Do you dumplings follow sports? I typically don’t–but right now is such an interesting time for women athletes, that it’s hard not to pay some attention. There was the U.S. win at the Women’s World Cup, and then the Wimbledon that’s going on right now, where Serena Williams beat her sister Venus to move on to quarterfinals.
The truth is, I think women athletes are some of the best role models we have, despite the fact that they’re less in the spotlight. Most high-profile women in our culture tend to be princesses, models, actresses, or (lastly) executives. I’m not saying that any one of those things are easy or don’t require talent and hard work; but there is something so unique about athletes who, at the end of the day, are not judged by image-making or luck, so much as what they can do inside the game. Also, they embody not just the ideals that women are “supposed to be good at” such as compassion and elegance, but ones like competitiveness, drive, physical fitness, grit, thick skin, super confidence, and sportsmanship–a really cool type of integrity you can exude when you play fair in your game and in life. Who doesn’t want that?

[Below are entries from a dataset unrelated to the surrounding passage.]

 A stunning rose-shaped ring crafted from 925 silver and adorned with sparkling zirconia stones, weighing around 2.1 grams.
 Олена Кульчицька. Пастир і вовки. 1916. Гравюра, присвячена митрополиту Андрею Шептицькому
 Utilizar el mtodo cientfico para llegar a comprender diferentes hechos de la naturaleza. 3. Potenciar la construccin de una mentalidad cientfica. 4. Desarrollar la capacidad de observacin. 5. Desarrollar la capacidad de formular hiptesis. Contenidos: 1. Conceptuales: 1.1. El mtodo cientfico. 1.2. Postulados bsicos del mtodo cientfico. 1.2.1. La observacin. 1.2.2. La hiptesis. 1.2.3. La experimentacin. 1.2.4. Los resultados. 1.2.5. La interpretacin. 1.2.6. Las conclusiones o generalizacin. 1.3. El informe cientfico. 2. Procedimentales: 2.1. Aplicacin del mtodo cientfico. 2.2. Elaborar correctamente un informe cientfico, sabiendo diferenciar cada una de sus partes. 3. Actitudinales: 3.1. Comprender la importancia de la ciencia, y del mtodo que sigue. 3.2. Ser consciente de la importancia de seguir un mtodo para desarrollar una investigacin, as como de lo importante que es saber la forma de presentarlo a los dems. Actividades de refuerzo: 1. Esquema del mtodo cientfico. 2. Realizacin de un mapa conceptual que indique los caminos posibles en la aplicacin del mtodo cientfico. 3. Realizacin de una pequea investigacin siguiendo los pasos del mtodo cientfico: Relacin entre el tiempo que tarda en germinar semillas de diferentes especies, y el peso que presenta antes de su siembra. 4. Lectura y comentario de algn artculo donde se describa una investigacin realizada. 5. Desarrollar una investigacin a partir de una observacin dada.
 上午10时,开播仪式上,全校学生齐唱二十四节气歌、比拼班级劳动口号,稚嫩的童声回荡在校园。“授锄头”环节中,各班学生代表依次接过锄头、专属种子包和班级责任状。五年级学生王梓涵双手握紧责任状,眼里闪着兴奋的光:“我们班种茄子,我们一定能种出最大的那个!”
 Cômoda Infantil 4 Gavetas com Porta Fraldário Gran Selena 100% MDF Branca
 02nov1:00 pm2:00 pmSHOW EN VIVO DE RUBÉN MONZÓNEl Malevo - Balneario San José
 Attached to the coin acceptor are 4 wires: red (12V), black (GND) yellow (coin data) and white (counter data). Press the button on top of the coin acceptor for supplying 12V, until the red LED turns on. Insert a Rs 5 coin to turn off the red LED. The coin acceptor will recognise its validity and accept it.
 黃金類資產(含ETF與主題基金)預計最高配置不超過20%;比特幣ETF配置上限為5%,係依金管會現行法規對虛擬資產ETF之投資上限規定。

Without further ado, here are some lessons from my favorite women athletes.
1. Take responsibility for your confidence.
“Just believe in yourself. Even if you don’t, pretend that you and at some point, you will.” – Venus Williams
“Some people say I have attitude–maybe I do…but I think you have to. You have to believe in yourself when no one else does–that makes you a winner right there.” – Venus Williams
There is a funny saying on learning: “I can teach you, but I can’t understand it for you.” And confidence works the same way. Other people are not responsible for encouraging and supporting you, so don’t wait for compliments to start pouring in, and start with a basis of inner confidence. You know yourself best: you know what you’re capable of, what you want, and how far you’re willing to go to get it.
2. You do thousands of hours of work so that when you’re ready, you attack.
“You just have to show up for practice, be professional, work your ass off…Be ready.” – Kelley O’ Hara
O’Hara is a breakout star from this Women’s World Cup, scoring in the semifinal match against Germany. It was only her second time playing for the women’s national team, and her first goal at the World Cup. So imagine going into the tournament, not even knowing whether you’re going to even play or not–but you have to be no less dedicated. In life we’re often so anxious about the possibility of not getting that opportunity to “go on the field,” of not receiving an opportunity. But all athletes work as though they’ll go on at any minute. You’re not a bench athlete if you don’t work like a bench athlete. So work like a champion.
3. Own your ambitions.
“My goal is to become the first African American principal dancer with the ABT.” – Misty Copeland
This week, ABT announced the promotion of several of its Soloists to Principal Dancers, though only one of them made headlines all over media: that of 32-year-old Misty Copeland, the most famous ballerina of her generation (see: Under Armour commerical, memoir called Life in Motion: an Unlikely Ballerina, TIME magazine cover, etc).
She had been a Soloist since 2007, and many younger dancers had been promoted to Principal before. (Paloma Herrera, who just retired from the same company, was made a Principal at age 20). So it’s really astonishing that Misty had been so vocal about her wish to be promoted to Principal these past several years. Think about telling the people both in and outside your company that your goal is to become promoted to XYZ, or that your goal is to publish a book, to create your own successful brand, or what have you. Pretty nerve-racking, right?
We often don’t sell our ambitions because we’re afraid of that not coming to pass, getting embarrassed, or seeming ambitious. That’s certainly a risk–I don’t think Misty’s outspokenness would have been taken any more gently by her bosses or her colleagues in that highly competitive group. But she made a decision to go all-in and not beat around the bushes about what she wants–and the public support she generated certainly helped her get what she wants.
4. You don’t let failures and setbacks distract you from what you want.
Another thing about Misty is that she’s famous for having started dancing at age 13, and becoming a professional by entering corps de ballet at 18. But not many people know that same year, she had fractured a part of her spine, and had to have her puberty induced in order to strengthen her bones (she’d not had her period at that point). Having a sudden, new physique was a setback for her dance career, as were several injuries and surgeries that put her out of performing for extended periods of time, up to a year.
Almost all athletes face injuries, which are perhaps most difficult because you feel like you can’t do anything. But something common in all great athletes is that they take this lull-period very seriously and prepare in every other way they can to get stronger. We all get these “injury” periods whether it’s time between jobs or relationships; but you can’t let the frustration get the better of you and give up. You use that time to improve your game. And you do it again and again.
Do you have a favorite athlete? And how does s/he inspire you?